Unfortunately today, that’s not happening fast enough. Digital jobs in the GCC are fewer than in advanced economies by three times, and digital professionals in the region simply do not possess the same advanced technical skills as their counterparts elsewhere, according to PwC. Most of the digital jobs in the region are held by expats today, and 93% of digital professionals have degrees from foreign, rather than local universities, according to the same research.
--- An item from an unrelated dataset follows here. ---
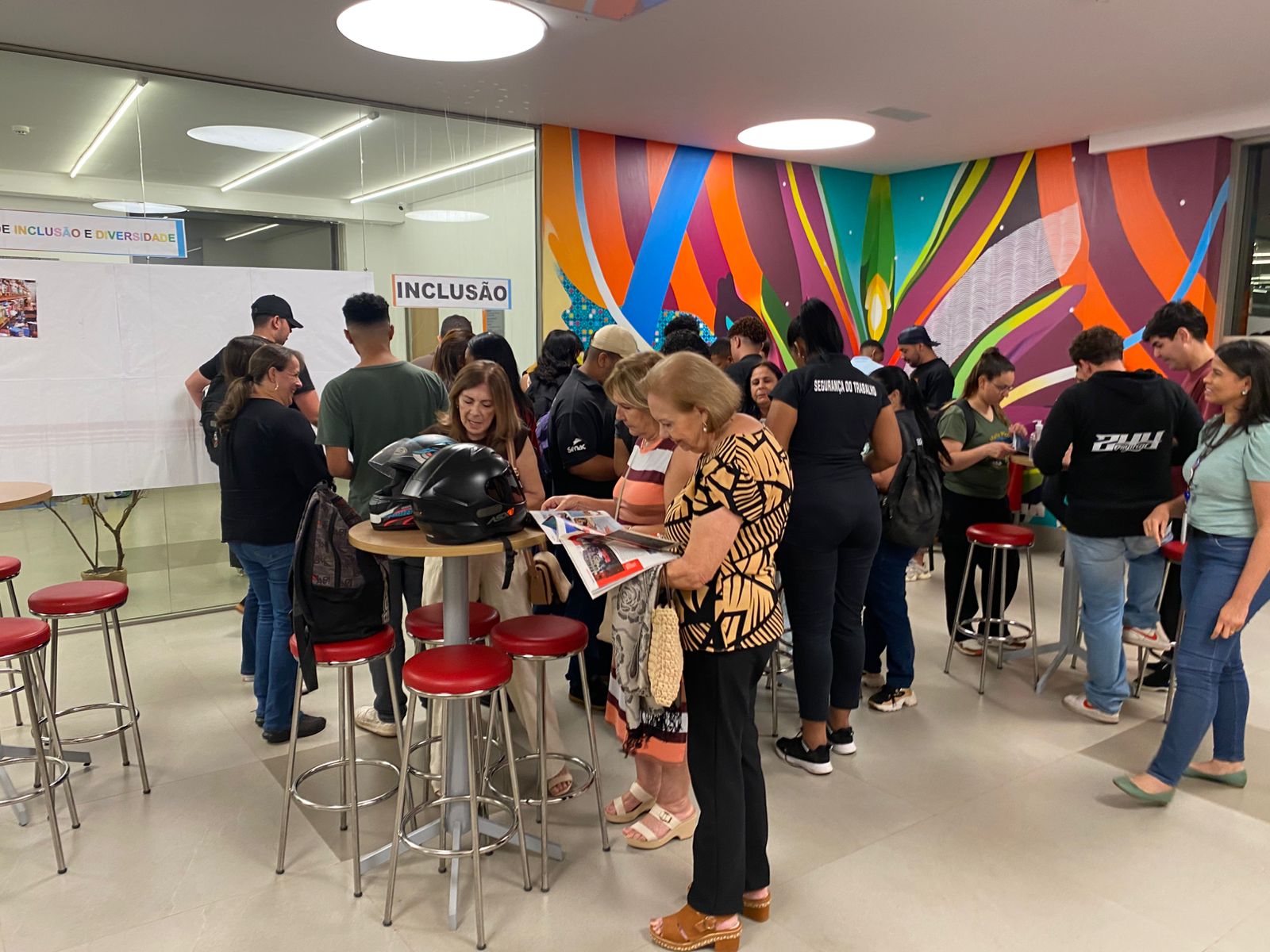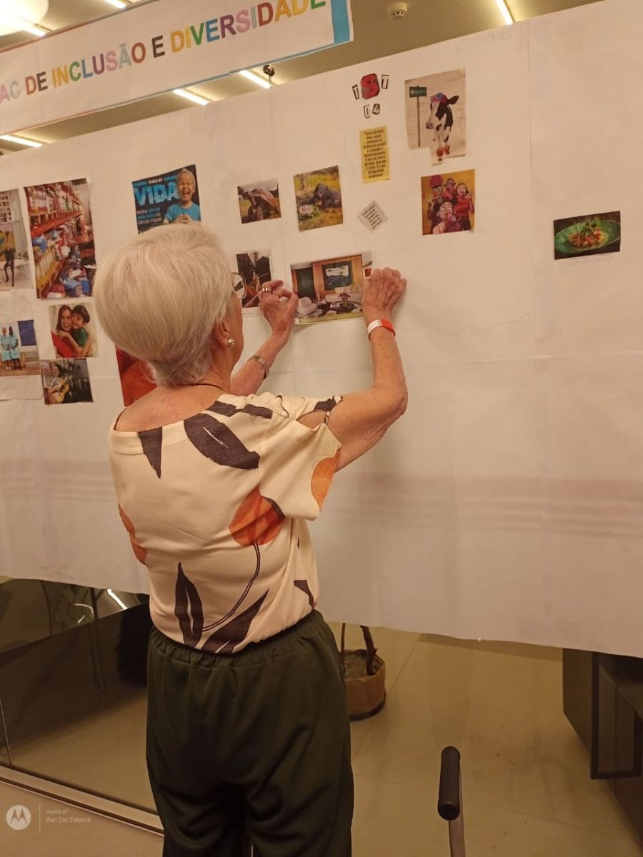 Após a palestra, o público teve a oportunidade de visitar uma exposição com monóculos e participar da construção de um Lambe coletivo linkando com os temas longevidade e pessoa com deficiência.
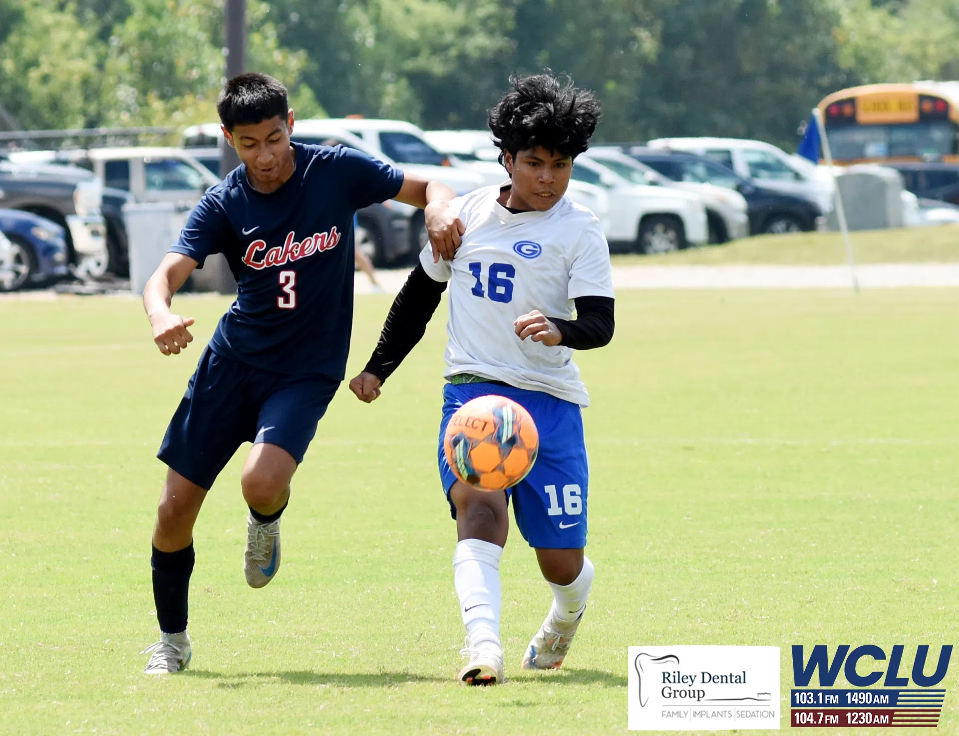 Glasgow’s Wilson Barrios battles for the ball against Russell County. The Scotties tied the Lakers, 0-0. James Brown/WCLU Sports

That leads to a double problem: a digital skills deficit, as well as a digital demand problem – as companies in the region, including SMEs, are not adopting technology as quickly or comprehensively as they should be. Think of these issues as two sides of the same coin: companies that don’t have enough digital talent are also slower adopters of technology.

The role of businesses

Helping to build an ecosystem in which start-ups and SMEs thrive will require action from governments, and also from leading businesses in the region. As an example from our own business, Agility is working on: digital skilling and advocacy; financing and incubation; digital trade; community investments.

We want the region’s largest businesses to join us in creating value chains that allow SMEs to participate and grow – and to see SME empowerment as a core part of the value we bring to the table as successful companies. This area is one of the most critical levers for future diversification and sustainable economic growth, and we all have a role to play.